[Stored dataset items]
- - -
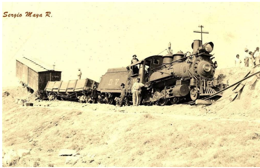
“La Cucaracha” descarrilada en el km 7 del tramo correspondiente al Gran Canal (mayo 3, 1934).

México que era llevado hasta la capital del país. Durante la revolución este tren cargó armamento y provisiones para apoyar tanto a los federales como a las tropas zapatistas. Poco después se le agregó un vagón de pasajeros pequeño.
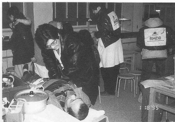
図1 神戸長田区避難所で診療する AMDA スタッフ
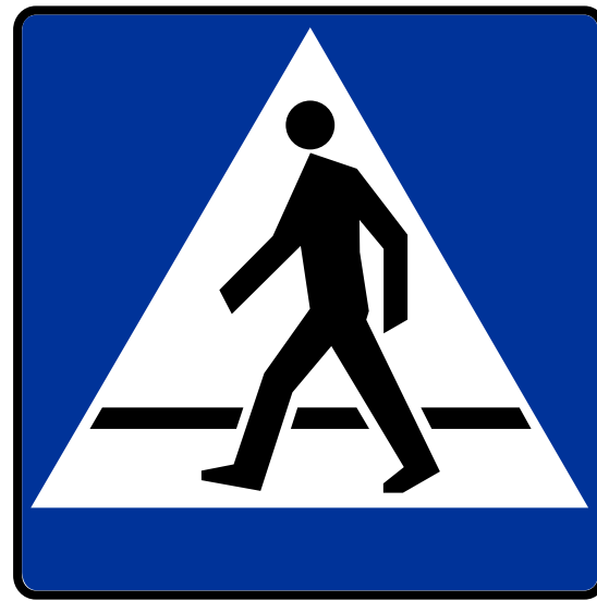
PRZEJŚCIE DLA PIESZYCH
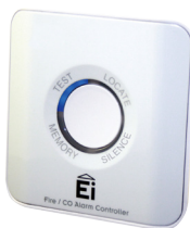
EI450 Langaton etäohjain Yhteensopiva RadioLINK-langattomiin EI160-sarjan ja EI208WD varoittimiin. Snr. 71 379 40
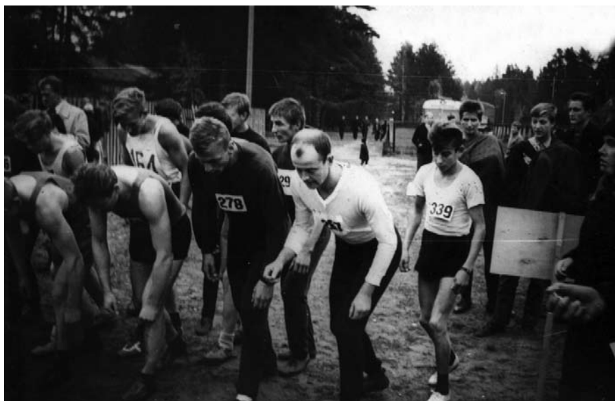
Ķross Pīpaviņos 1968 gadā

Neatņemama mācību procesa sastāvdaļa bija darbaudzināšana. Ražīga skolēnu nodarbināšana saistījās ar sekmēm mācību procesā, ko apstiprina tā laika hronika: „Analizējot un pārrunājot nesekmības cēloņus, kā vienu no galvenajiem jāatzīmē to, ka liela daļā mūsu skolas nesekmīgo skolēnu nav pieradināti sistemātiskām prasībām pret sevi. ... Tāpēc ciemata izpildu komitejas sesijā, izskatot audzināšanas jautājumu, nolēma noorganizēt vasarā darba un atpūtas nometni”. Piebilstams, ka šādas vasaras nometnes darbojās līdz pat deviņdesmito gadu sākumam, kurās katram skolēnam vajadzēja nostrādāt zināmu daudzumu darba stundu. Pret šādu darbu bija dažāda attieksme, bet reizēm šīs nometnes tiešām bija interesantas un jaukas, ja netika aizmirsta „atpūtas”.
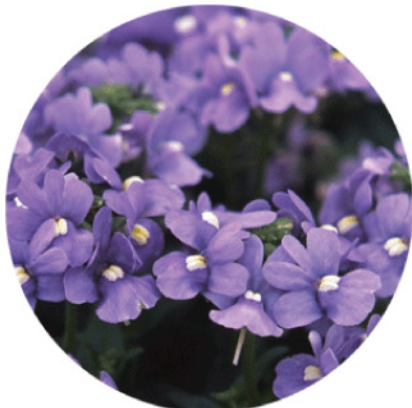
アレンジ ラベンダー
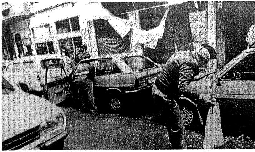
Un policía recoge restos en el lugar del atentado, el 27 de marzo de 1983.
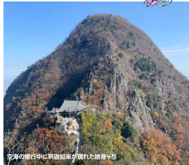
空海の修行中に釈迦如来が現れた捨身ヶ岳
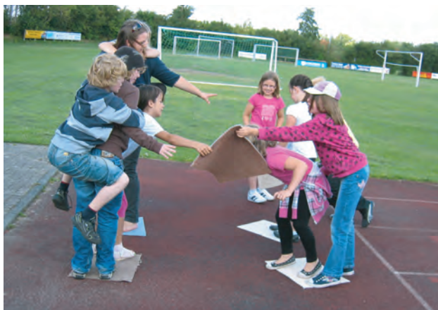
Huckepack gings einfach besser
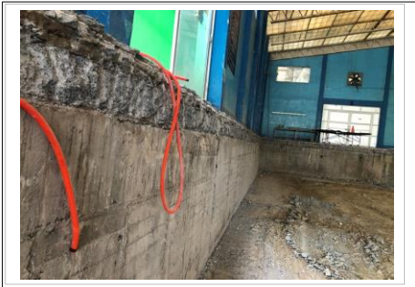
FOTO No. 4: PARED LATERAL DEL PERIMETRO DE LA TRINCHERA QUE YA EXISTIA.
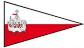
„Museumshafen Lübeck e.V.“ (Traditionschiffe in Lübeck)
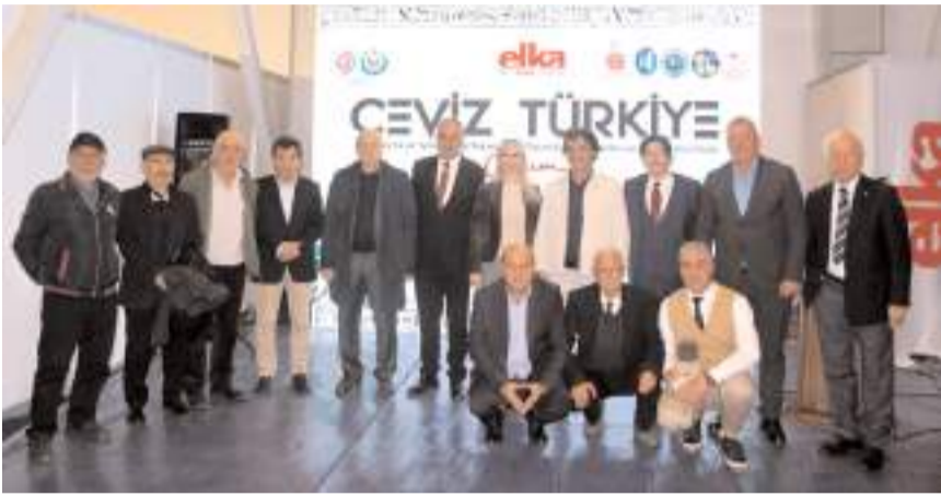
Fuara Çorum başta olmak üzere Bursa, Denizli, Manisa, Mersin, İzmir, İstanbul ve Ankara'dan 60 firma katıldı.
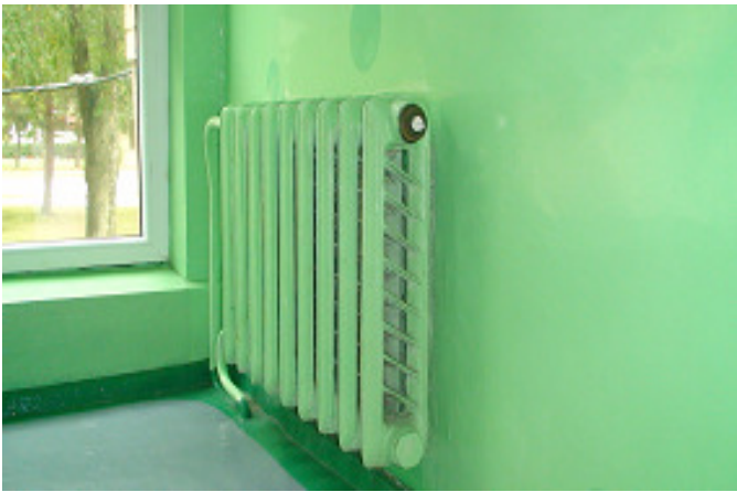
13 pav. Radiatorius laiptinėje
- - -
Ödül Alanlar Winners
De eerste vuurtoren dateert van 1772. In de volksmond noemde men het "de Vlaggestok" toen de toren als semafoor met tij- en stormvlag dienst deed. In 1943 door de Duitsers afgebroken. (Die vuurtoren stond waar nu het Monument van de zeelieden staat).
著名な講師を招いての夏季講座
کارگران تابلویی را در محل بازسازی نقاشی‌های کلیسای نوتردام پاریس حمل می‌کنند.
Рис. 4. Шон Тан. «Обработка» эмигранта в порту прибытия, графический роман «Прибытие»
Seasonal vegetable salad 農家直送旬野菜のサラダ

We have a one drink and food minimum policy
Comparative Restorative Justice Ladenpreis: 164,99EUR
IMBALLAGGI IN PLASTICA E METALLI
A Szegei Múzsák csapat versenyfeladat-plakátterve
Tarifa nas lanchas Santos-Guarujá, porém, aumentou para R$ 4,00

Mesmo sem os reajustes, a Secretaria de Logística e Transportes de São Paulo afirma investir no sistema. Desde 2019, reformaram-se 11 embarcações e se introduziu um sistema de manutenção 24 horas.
- - -
Copy only these lines from the records above, exactly: the one with "México que era", the one with "Ķross Pīpaviņos 1968 gadā", and those between. Skip the pictures.

**Response box**
México que era llevado hasta la capital del país. Durante la revolución este tren cargó armamento y provisiones para apoyar tanto a los federales como a las tropas zapatistas. Poco después se le agregó un vagón de pasajeros pequeño.
図1 神戸長田区避難所で診療する AMDA スタッフ
PRZEJŚCIE DLA PIESZYCH
EI450 Langaton etäohjain Yhteensopiva RadioLINK-langattomiin EI160-sarjan ja EI208WD varoittimiin. Snr. 71 379 40
Ķross Pīpaviņos 1968 gadā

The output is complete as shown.